Three things matter.

@StepScope is effectively required — as the note above explains, late binding (jobParameters['targetDate']) needs the bean created when the Step starts. Omit it and injection breaks because the value is missing at build time.
ORDER BY must be on a stable key — paging readers work via OFFSET/LIMIT. An unstable sort key means rows can be read twice or skipped. Prefer immutable columns like the PK.
Why name() is required — it is the key prefix in the Step ExecutionContext. With two readers in the same Step, it prevents context collisions.

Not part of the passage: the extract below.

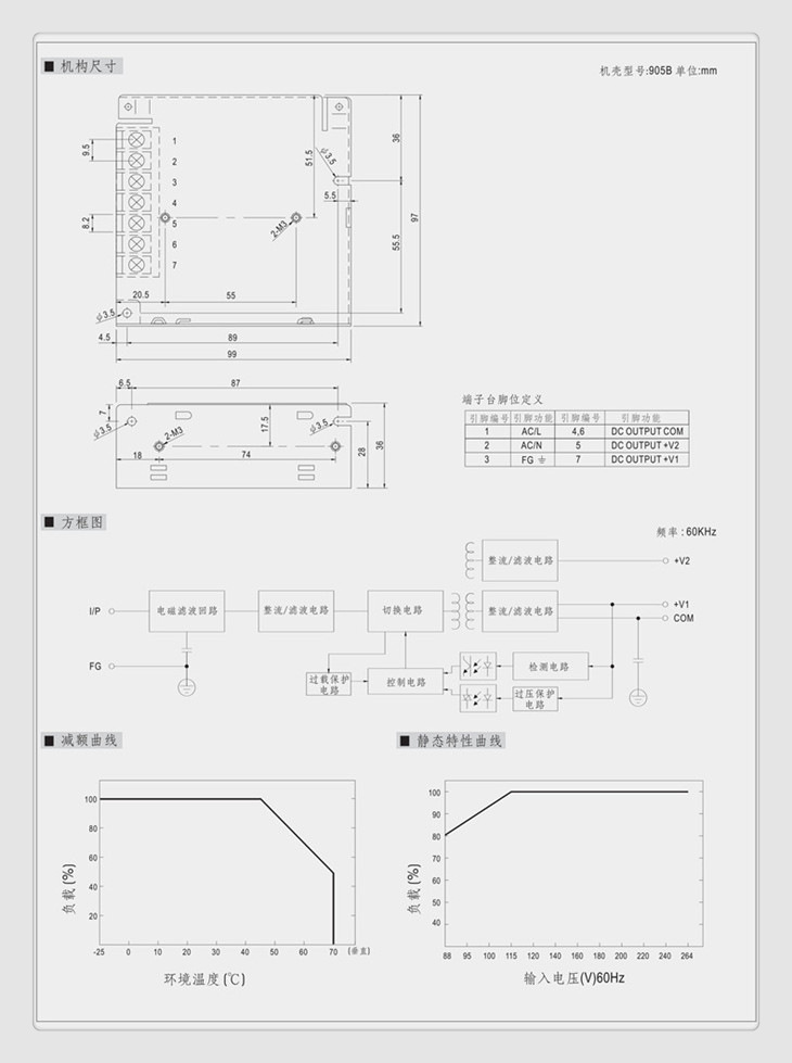 输入电压范围 85~264VAC/120~370VDC(承受5秒钟300VAC高压输入不损坏)
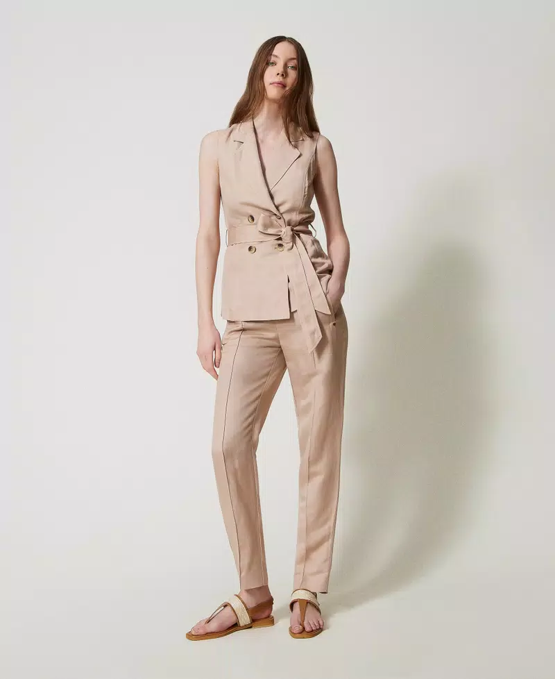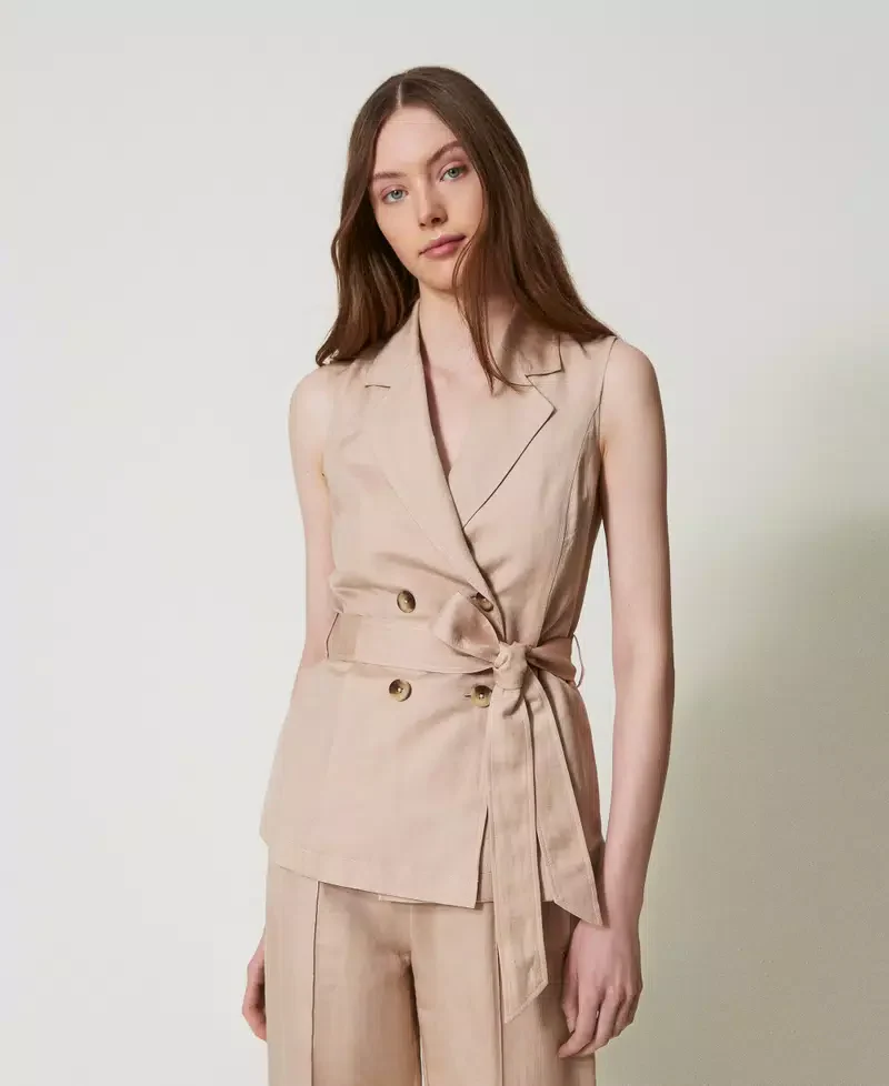 Gilet in misto lino e viscosa con cintura in coordinato abbinata. Ha collo con revers, impunture ribattute per le cuciture davanti e dietro, chiusura doppiopetto con bottoni effetto corno e contro-bottone interno, fodera in mussola di cotone, logo a cuore in metallo sul retro.

2.4 JdbcPagingItemReader Builder

import org.springframework.batch.item.database.JdbcPagingItemReader
import org.springframework.batch.item.database.Order
import org.springframework.batch.item.database.builder.JdbcPagingItemReaderBuilder
import org.springframework.batch.item.database.support.PostgresPagingQueryProvider
import javax.sql.DataSource

@Bean
@org.springframework.batch.core.configuration.annotation.StepScope
fun jdbcOrderReader(
    dataSource: DataSource,
    @Value("#{jobParameters['targetDate']}") targetDate: LocalDate,
): JdbcPagingItemReader<OrderRow> {
    val provider = PostgresPagingQueryProvider().apply {
        setSelectClause("id, member_id, total_price, ordered_on")
        setFromClause("FROM orders")
        setWhereClause("WHERE ordered_on = :targetDate")
        setSortKeys(mapOf("id" to Order.ASCENDING))
    }
    return JdbcPagingItemReaderBuilder<OrderRow>()
        .name("jdbcOrderReader")
        .dataSource(dataSource)
        .queryProvider(provider)
        .parameterValues(mapOf("targetDate" to targetDate))
        .rowMapper { rs, _ ->
            OrderRow(
                id = rs.getLong("id"),
                memberId = rs.getLong("member_id"),
                totalPrice = rs.getLong("total_price"),
                orderedOn = rs.getDate("ordered_on").toLocalDate(),
            )
        }
        .pageSize(1000)
        .build()
}

Two differences from the JPA reader.

PagingQueryProvider picks the DB dialect — for PostgreSQL use PostgresPagingQueryProvider. It emits paging SQL appropriate to the DB.
rowMapper bypasses domain objects — define RowMapper<OrderRow> and you are done. No persistence context means no dirty checking, but it is correspondingly lightweight.

2.5 Aside: File Readers

File readers can be touched lightly. Just the key patterns.

Reader	LineMapper / Tokenizer	Common use
`FlatFileItemReader`	`DelimitedLineTokenizer` (CSV) / `FixedLengthTokenizer` (fixed-width) + `FieldSetMapper`	CSV ingest, legacy system exports
`JsonItemReader`	`JacksonJsonObjectReader<T>`	paged API result backups, third-party dumps
`StaxEventItemReader`	`Jaxb2Marshaller` + root tag	leftover SOAP/XML interfaces

All file readers run on just a Resource, and they persist line/object index into the ExecutionContext for restart.

3. ItemProcessor Patterns

3.1 Three Roles in One Interface

ItemProcessor<I, O> is a single functional interface that plays three roles.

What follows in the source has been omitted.